Надежда Шереметева - Свеховская
В хвосте, оставшемся от лета,
Поэт, что затянул супонь,
Коньки отбросил и, с приветом
Отбыл к прабабке под гармонь.
Пегас, не выдержав натяжки,
С попом надрались на дурняк,
Дешевой нахлебавшись бражки,
Что станцевали краковяк.
Не пережил такого Петя,
Из гроба, как акын запел,
О том, что видел на том свете,
Он вдруг поведать захотел.
От страха все тут онемели,
И только поп в себя пришел,
Смотался мухой до молельни,
Тяжелый крест он там нашел.
По темечку огрел поэта:
За то, за это, и, за все,
И, чтобы не было ответа –
Удар контрольный… нанесен.
Однажды в склепе в преф играли,
и я осталась "без одной".
Мне тут же "в гору" записали -
преф вам, друзья, не "подкидной",
а тонкая игра на грани.
Смертельный, я скажу вам, риск.
Эх, знать бы мне расклад заране...
И я б не проигралась вдрызг.
И что теперь?
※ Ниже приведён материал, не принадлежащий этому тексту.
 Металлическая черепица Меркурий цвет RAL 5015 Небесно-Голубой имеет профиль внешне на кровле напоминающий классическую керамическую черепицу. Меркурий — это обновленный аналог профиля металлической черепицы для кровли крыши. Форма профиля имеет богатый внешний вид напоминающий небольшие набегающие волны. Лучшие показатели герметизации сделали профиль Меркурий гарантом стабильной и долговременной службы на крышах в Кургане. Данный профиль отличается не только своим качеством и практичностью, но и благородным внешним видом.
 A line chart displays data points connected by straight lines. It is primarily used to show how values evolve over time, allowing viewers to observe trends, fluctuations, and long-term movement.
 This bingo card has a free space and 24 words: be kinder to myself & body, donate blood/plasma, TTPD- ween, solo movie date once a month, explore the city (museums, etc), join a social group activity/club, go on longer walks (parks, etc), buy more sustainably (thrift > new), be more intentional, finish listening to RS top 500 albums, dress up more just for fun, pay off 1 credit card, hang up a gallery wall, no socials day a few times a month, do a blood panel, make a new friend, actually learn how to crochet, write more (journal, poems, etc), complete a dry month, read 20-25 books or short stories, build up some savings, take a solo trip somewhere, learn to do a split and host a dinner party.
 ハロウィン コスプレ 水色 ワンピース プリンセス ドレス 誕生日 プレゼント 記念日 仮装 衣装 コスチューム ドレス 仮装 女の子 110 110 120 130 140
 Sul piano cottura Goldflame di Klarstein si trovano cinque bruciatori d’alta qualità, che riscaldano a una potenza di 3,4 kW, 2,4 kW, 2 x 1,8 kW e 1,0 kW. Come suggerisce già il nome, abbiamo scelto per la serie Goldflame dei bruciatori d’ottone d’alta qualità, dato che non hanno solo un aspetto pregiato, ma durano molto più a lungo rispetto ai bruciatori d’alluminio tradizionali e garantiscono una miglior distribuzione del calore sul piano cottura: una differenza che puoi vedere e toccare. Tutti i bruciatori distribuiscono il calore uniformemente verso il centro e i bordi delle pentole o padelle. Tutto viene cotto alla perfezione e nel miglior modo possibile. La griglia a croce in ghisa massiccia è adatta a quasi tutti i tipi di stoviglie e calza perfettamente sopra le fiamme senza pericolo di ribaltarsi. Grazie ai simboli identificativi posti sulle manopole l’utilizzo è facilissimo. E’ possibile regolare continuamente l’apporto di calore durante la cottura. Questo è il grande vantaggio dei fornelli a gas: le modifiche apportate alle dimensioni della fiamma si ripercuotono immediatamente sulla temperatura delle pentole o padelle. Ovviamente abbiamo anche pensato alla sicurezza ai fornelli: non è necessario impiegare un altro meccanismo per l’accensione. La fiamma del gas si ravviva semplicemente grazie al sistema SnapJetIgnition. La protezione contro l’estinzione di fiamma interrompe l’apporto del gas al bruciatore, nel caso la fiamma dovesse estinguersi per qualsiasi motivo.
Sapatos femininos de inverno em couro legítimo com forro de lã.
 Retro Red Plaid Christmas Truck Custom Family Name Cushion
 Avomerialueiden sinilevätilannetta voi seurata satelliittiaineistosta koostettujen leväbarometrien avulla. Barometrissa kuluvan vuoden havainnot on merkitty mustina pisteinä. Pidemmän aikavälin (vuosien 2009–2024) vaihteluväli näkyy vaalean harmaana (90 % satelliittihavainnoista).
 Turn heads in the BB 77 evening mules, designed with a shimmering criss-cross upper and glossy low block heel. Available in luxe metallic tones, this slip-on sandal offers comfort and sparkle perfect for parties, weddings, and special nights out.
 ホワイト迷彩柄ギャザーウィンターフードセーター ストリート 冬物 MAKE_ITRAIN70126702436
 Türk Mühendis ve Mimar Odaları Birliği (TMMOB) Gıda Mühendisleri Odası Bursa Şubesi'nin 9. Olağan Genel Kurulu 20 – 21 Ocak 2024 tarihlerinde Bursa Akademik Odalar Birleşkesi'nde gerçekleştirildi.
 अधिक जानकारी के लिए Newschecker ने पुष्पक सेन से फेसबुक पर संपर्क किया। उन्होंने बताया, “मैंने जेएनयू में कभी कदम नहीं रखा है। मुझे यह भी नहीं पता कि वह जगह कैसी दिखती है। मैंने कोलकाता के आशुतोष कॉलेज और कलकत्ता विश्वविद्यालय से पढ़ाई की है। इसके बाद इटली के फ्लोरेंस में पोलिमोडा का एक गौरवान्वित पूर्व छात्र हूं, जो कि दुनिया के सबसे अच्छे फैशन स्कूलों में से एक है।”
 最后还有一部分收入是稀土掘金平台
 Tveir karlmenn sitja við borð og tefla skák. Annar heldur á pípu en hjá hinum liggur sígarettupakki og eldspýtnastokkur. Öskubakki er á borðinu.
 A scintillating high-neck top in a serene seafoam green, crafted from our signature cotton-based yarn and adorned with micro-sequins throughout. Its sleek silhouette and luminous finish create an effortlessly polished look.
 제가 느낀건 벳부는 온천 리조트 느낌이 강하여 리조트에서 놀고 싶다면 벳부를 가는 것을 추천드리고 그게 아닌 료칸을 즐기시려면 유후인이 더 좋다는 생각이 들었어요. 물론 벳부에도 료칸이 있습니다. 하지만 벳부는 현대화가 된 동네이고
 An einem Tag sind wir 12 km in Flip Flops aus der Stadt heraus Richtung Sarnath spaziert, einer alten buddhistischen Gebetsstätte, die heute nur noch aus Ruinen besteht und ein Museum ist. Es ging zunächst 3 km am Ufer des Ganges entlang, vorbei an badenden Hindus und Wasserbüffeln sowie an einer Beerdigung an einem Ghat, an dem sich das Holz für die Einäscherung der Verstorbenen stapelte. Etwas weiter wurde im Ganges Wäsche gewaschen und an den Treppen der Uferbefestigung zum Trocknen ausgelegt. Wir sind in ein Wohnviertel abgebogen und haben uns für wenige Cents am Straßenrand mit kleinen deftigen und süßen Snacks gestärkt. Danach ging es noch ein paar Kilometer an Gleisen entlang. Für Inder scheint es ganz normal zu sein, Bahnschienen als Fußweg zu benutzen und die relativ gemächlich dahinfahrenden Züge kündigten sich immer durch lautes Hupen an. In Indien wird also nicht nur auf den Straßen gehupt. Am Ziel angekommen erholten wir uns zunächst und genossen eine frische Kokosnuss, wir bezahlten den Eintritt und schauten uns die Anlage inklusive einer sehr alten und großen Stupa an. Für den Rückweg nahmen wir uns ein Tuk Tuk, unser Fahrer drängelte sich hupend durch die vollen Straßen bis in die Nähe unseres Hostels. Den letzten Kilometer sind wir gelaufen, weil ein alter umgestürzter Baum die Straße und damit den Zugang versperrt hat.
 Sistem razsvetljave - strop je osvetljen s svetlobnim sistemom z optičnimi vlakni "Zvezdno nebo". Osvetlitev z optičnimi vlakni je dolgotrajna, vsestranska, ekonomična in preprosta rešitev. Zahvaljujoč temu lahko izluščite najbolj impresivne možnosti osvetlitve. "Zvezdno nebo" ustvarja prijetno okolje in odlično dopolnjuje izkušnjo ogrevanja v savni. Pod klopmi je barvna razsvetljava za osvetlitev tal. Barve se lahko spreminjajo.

Лежу в могиле
и потихонечку грущу.
В гробу ужасный запах гнили...
Но ничего... Я отомщу -
когда ещё раз эти гады
меня на карты пригласят.
Я в склеп явлюсь исчадьем ада!
Я им устрою чёртов ад!
Утром поп, похмелившийся бражкой,
Дядю Петю давай вспоминать…
И вздыхая над долией тяжкой,
Поминал он не божию мать…
А деревня гуляла и дальше,
Самогонка бежала рекой
И стаканы звенели без фальши:
Пятый день пили «За упокой».
На шестой вдруг к ним совесть вернулась
Словно Петин белесый скелет…
Тень руки на табличке черкнула:
«Здесь лежит Дядя Петя – Поэт,
Он восстал против мнений Света»!»
А в деревне и света-то нет…
На исходе холодного лета,
Чтобы более он не воскрес,
(Раз уже добивали Поэта…),
Водрузили над холмиком крест…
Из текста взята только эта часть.